EXERCISE BRIEF:
Records follow. Print exactly the lines from the one that has "For flexibility, the" through the one that has "XSCAPE Off the Shoulder Organza Gown in Navy", inclusive, and omit the pictures.

RECORDS:
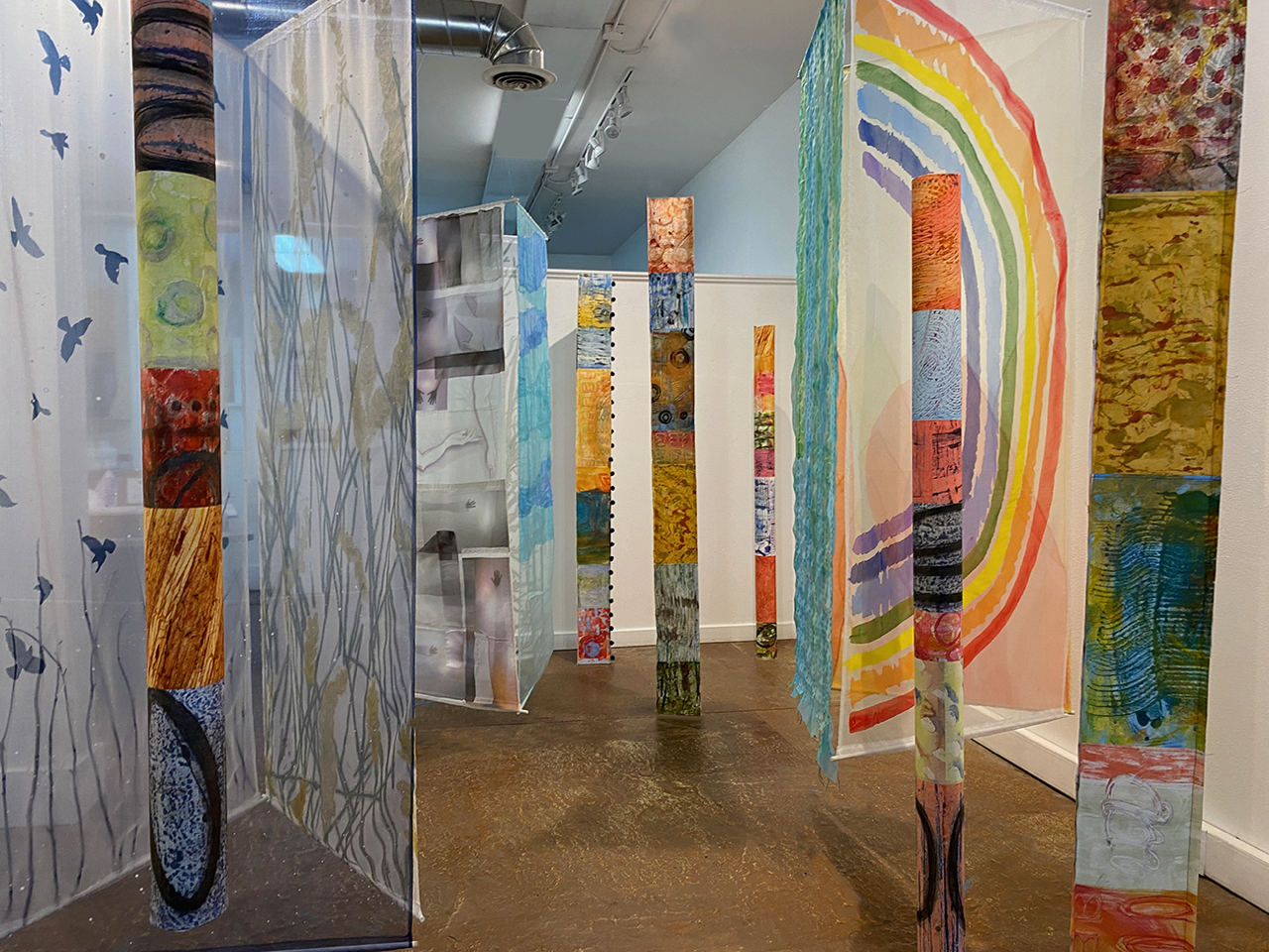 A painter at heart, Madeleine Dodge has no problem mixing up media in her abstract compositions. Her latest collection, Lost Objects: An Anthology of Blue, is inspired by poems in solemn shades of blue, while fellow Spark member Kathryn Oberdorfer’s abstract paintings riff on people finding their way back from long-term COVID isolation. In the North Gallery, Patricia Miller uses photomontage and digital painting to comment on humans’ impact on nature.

---

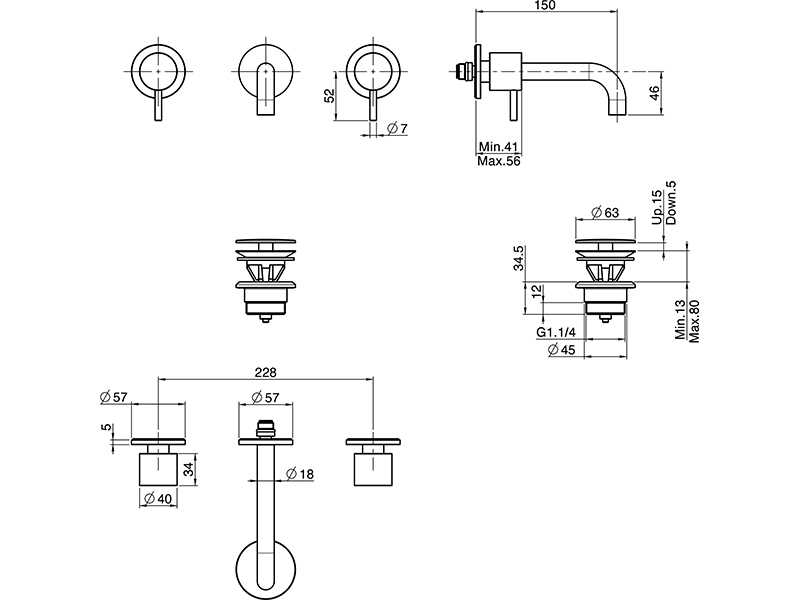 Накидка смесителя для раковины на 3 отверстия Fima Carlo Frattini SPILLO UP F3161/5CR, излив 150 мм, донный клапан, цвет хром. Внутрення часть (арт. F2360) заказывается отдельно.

==

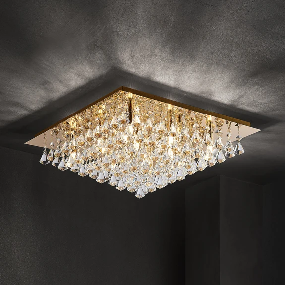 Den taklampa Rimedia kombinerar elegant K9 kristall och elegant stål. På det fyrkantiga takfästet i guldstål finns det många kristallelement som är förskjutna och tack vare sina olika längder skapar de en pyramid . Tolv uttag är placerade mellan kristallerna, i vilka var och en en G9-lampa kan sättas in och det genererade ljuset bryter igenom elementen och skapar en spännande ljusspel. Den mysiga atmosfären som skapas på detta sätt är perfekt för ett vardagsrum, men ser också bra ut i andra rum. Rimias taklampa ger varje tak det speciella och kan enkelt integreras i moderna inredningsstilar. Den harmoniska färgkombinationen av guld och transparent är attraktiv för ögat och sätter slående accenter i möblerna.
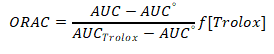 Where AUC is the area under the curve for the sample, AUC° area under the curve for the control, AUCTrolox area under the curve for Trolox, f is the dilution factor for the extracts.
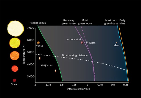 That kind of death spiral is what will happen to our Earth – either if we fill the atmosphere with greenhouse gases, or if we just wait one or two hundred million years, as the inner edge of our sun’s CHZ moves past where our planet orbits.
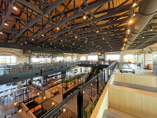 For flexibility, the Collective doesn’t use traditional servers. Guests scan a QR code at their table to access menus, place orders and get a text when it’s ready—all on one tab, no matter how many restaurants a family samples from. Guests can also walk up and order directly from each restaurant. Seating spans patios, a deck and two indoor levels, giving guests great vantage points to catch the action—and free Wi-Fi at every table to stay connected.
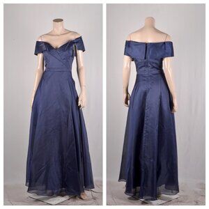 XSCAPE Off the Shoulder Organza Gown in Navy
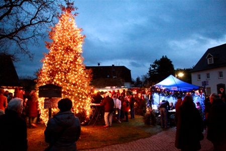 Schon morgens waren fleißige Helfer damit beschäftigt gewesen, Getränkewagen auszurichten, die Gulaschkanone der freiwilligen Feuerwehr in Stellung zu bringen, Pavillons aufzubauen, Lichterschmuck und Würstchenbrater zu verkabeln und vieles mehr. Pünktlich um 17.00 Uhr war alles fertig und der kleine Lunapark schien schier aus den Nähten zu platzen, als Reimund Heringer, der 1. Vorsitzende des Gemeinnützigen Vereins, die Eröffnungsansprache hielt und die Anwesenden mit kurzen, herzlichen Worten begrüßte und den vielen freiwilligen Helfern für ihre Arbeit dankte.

ANSWER SECTION:
 For flexibility, the Collective doesn’t use traditional servers. Guests scan a QR code at their table to access menus, place orders and get a text when it’s ready—all on one tab, no matter how many restaurants a family samples from. Guests can also walk up and order directly from each restaurant. Seating spans patios, a deck and two indoor levels, giving guests great vantage points to catch the action—and free Wi-Fi at every table to stay connected.
 XSCAPE Off the Shoulder Organza Gown in Navy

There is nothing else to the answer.